The probability of winning on the 4 is 3/(3+6) = 3/9 = 1/3. A winning \$380 bet will pay \$760 in winnings, for a total of \$760+\$380 = \$1,140. The probability of getting at least this far is (1/3)^2*(2/5)^2*(5/11)^2 = 4/1089 = 0.37% = 1 in 272.25.

Remembmer the player bet \$5+\$1+\$1 on the way, but pocketed \$9 after the win on a 9, for a net win of \$1,142. If we define the house edge as the expected loss to the original \$5 bet, then it would be \$1.06/\$5.00 = 21.16%.

Next, let's see what happens if the commission is paid on wins only on the 10. There, buy bets on the 10 should be evenly divisible by \$20. Let's assume the player pockets \$8 and bets the other \$400.

A winning \$400 bet will pay \$780 in winnings, for a total of \$780+\$400 = \$1,180.

Remembmer the player bet \$5+\$1+\$1 on the way, but pocketed \$8 after the win on a 9, for a net win of \$1,181. If we define the house edge as the expected loss to the original \$5 bet, then it would be \$0.92/\$5.00 = 18.44%.

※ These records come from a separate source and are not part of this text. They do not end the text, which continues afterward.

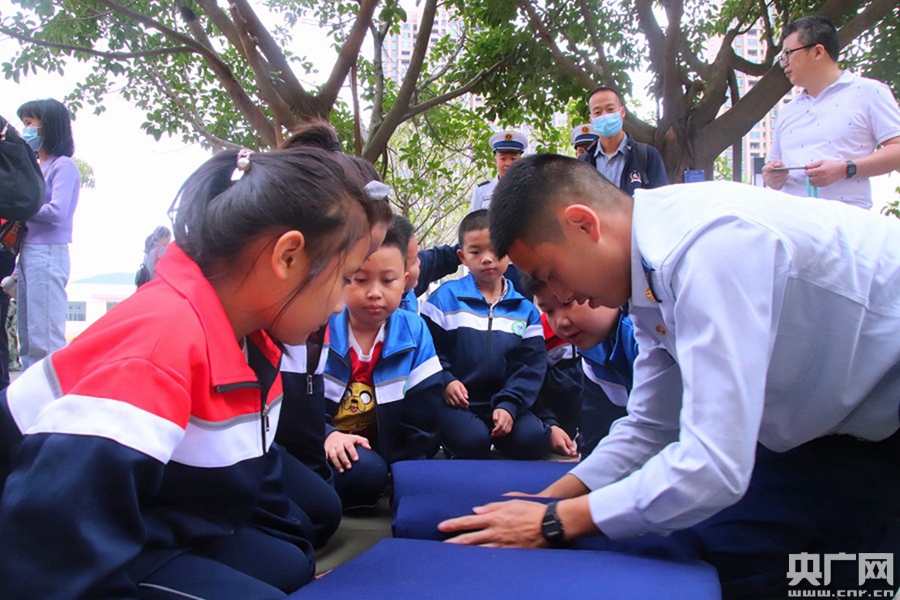 師生在觀摩森林消防員疊“豆腐塊”(央廣網(wǎng)發(fā) 通訊員供圖)
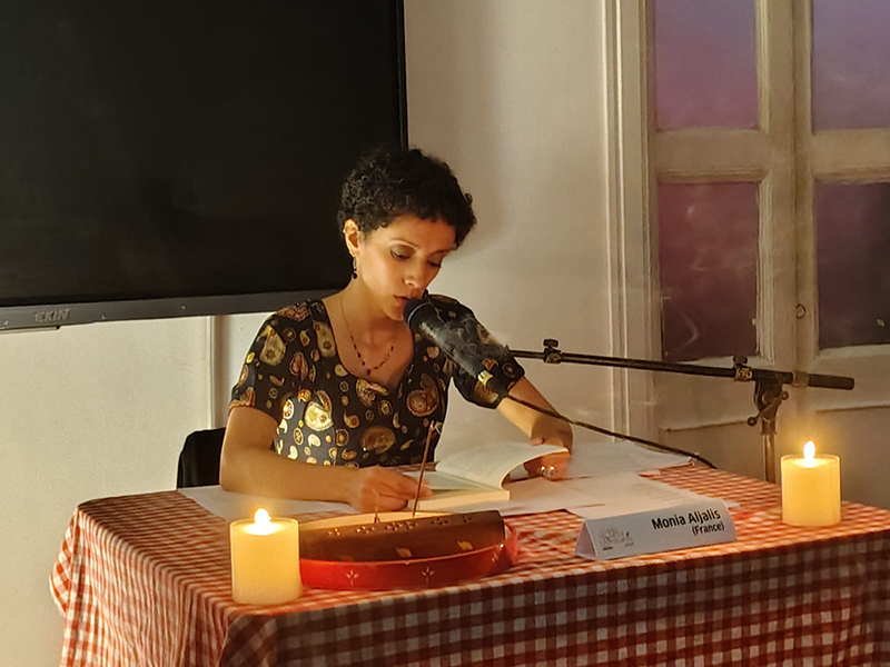 Monia concluded the Long Night of LiteratureS with a powerful performance in Varanasi, collaborating with a classical tabla musician, creating a rhythmic dialogue between words and sound. The performance was met with deep appreciation from the audience. She also participated in a moderated session with Dr. Vasumathi Badrinathan from the Banaras Hindu University, discussing poetic practice, influences, and the emotional landscapes of her work.
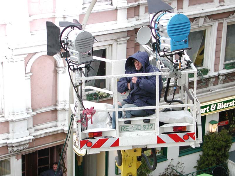 The area where I [used to] live must be one of the most filmed in Germany. We have film crews outside at least once a week, often for several days. My immediate reaction is to curse them since they make such a fuss, blocking off the roadside for their trucks and caravans, handling pegs, unfolding their gear, laying tracks for camera movements, gesturing at people with walkie-talkie in hand. These film people with their pony tails, shades, baseball hats, smart casual jackets, kit and script and lamps and blue foil and orange foil and reflectors, assembling leisurely to space-hugging groups, smoking - they seem to feel so important. They have even learned to ignore bystanders, go about their business while soaking up the envious gazes directed at them - the lion in the jungle who cannot be prey. Knowing then that the output will be a new sequel to some dim German police series where again the script demanded that some trace had to be followed into the red-light district, where you need the seedy, the derilict, or even the faded political flavour of the Hafenstrasse houses next door, makes all this effort seem pathetic, ridiculous. Next I remember that I have been part of this business - although mostly at the cheapo independent side. So I remind me not to hate my past and therefore, to be tolerant. Then I thought why not turn to photographing these people? I remembered the division between being on the set / being outside the set - where you miss all the thrills or fun bits, where the food and the working hours are worse. For one movie I worked on preparing the sets, making up science fiction displays, joining, fiddling, cleaning, painting, spreading rubbish from the back of a pickup in a disused Motorway tunnel and in port area streets, scratching it off the wet tarmac by hand after the shooting, at dusk. I remember flimsy coffee cups with stale lukewarm coffee, social smoking, endless waiting, irritation at rumours that someone or something had fucked up which meant we had to re-do things, or stay longer before being able to go to sleep. I remember working indoors, in a deliberately soiled bar, beer-soaked carpet covered with cigarette tips, bits of broken glass, at 35 degrees Celsius. The director Emigholz needed an aperture of 8 for sufficient depth of field which meant lots of lighting that turned the narrow unventilated room turned into a stinking hell. I remember painful skin rashes, series of working days that took 17 hours, and getting ill as the effect of all this. I believe the resulting film was The holy bunch.
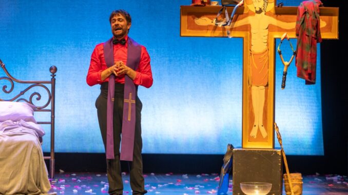 Sequestra così per un’ora il mezzo il pubblico e lo pone al centro di un esperimento unico e irresistibile, avventurandosi tra vizi, ragioni e sentimenti della fauna umana, oscillando come un esilarante pendolo tra gli estremi del sesso e della Fede, in metamorfosi continua tra i suoi personaggi, il morigerato Don Mauro schiavo di un catechismo improbabile, e l’illuminato Rashid, pizzettaio musulmano modernista.
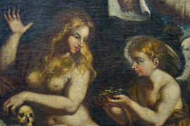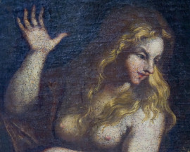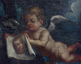 Scuola italiana del XVII secolo, Maria Maddalena riceve i simboli della Passione, olio su tela, cm 44,5x33,5, entro cornice, (difetti)
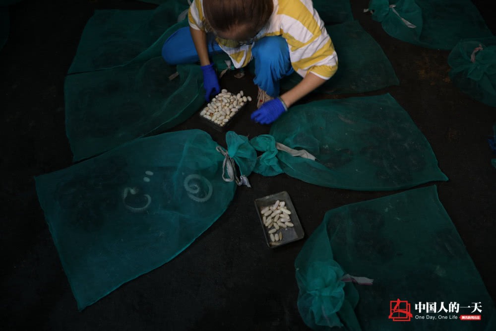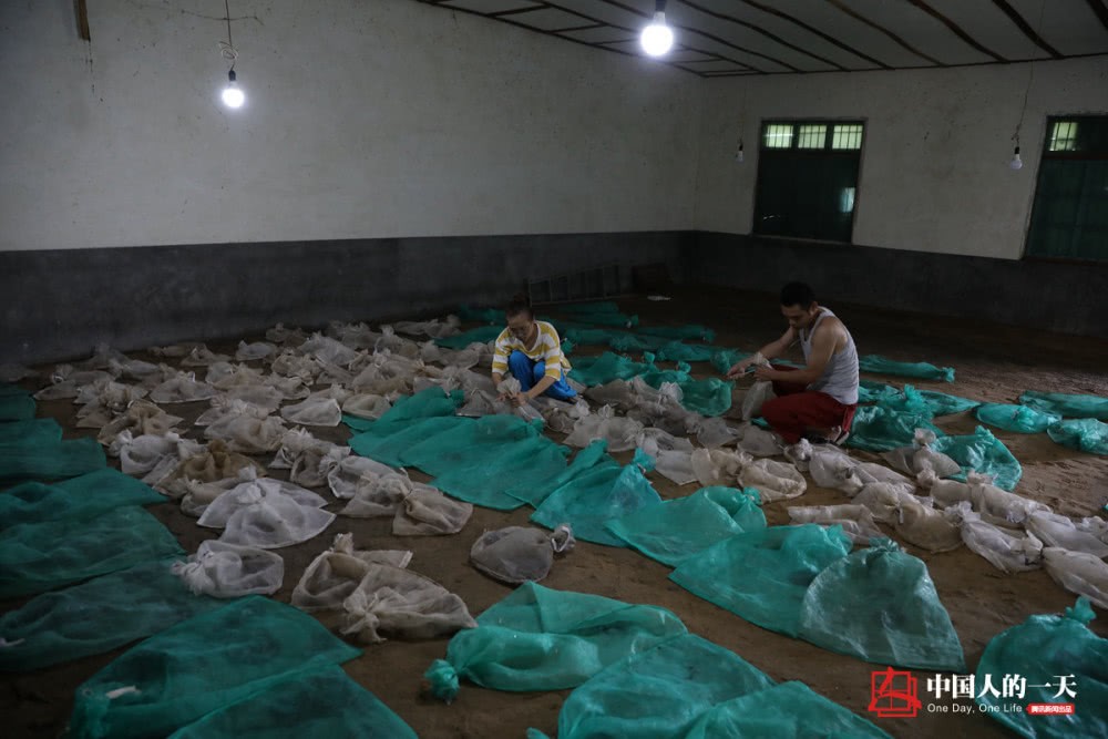 诺大的蛇房里光线昏暗,窗户上都蒙着厚厚的黑布,地面上铺了一层厚厚的细沙,上百个网袋紧挨着放在沙上。每个网袋中都盘着好几条蛇,袋口用绳扎紧,防止蛇逃脱。小杨半蹲下身子,轻轻地解开绳子,把手伸进袋子,将一个个刚产下来的蛇蛋取出。夏季是蛇类产卵的高峰,这一天,小杨饲养的蛇产蛋5000多枚。小杨告诉记者,这里养了足足有差不多一万多条赤链蛇。
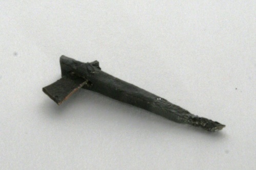 barretta a sezione quadrangolare, appuntita all'estremità inferiore; quella superiore, con bordo a taglio obliquo, presenta una fessura in cui è inserito un perno. Non è chiara la funzione dell'oggetto.
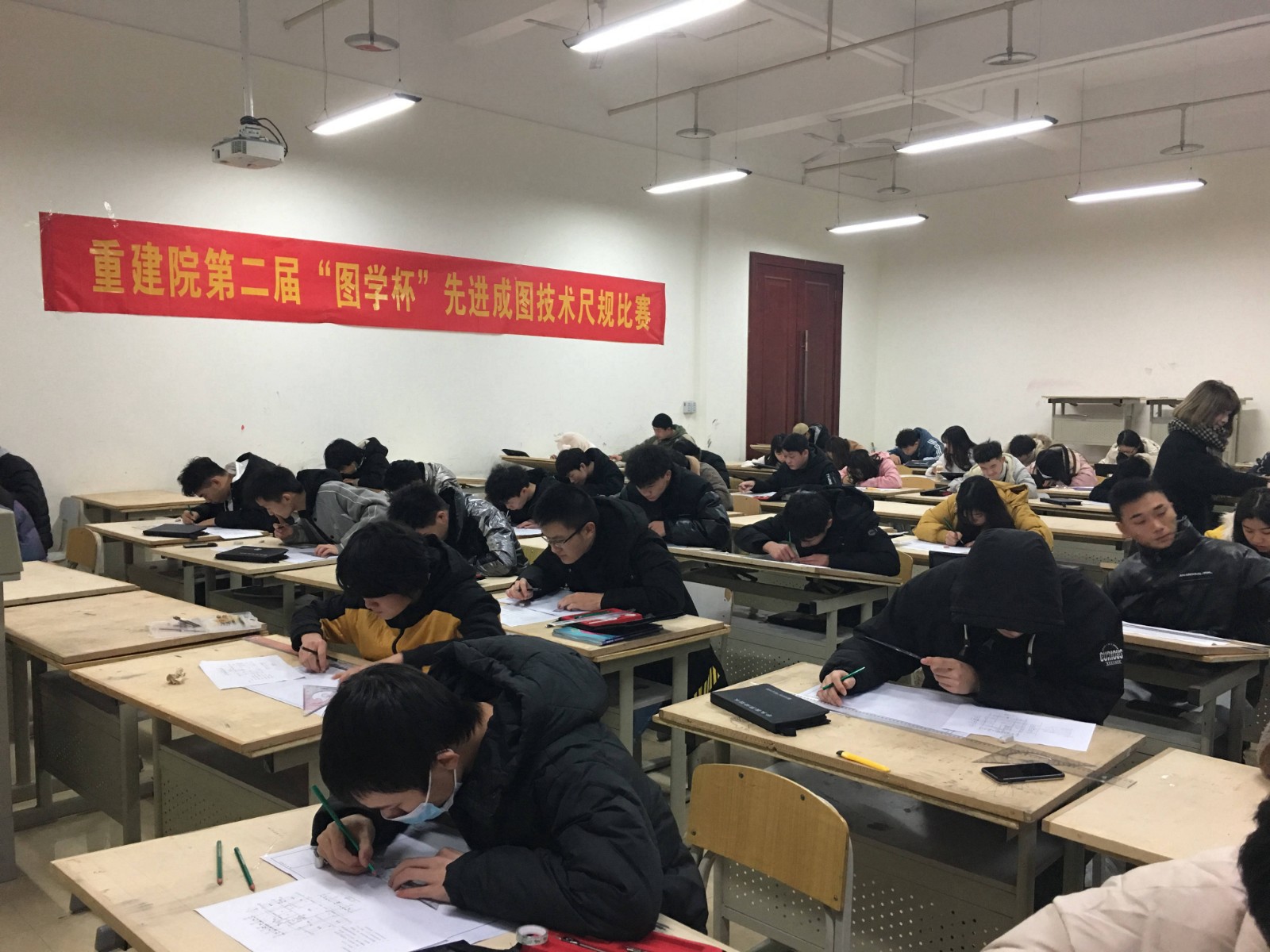 比赛过程中,同学们都十分努力,有的甚至打开了自己带的台灯,准备十分充足,让人感觉经验十足,对比赛胜券在握,在气势上就已经压了别人一头。其他的同学也不甘示弱,都在认真画图。
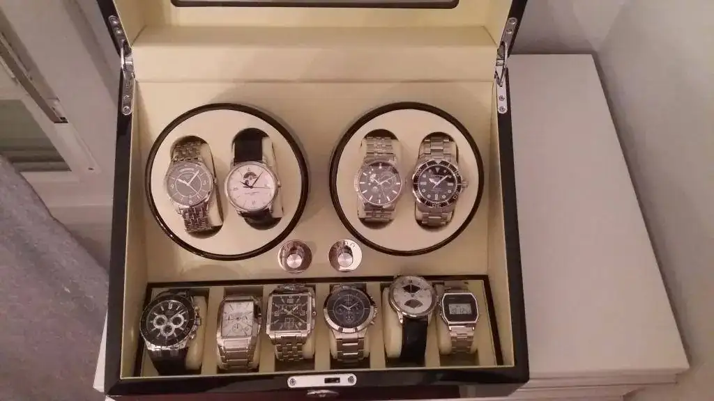 Comparado con lo que se ve por aqui me siento un poco boxtroll con mi caja [emoji23] [emoji23]Al final me animo y muestro la mía, dando vueltas los automáticos y en la fila de abajo los cuarzo.

So, we can't quite get to \$1,200 unless the player pulls more money out of his pocket after a win on 9, or somewhere else along the way. I can't endorse this strategy in terms of value, but it does seem like it would have a high fun and excitement factor.

At the Golden Lion casino in Panama City the dealer offers insurance with a 10-point card up. They pay the same 2 to 1, if the dealer gets a blackjack, as with an ace showing. They use six decks. What is the house edge when the dealer has a 10 up?

PG

Ouch! I saw this same awful and ignorant rule at the MGM in Macau.

The probability the hole card is an ace with a 10 up is (6*4)/(6*52-1) = 7.717%. The expected return is 0.077170×2 + 0.922830×-1 = -0.768489. In other words, the house edge is 76.85%.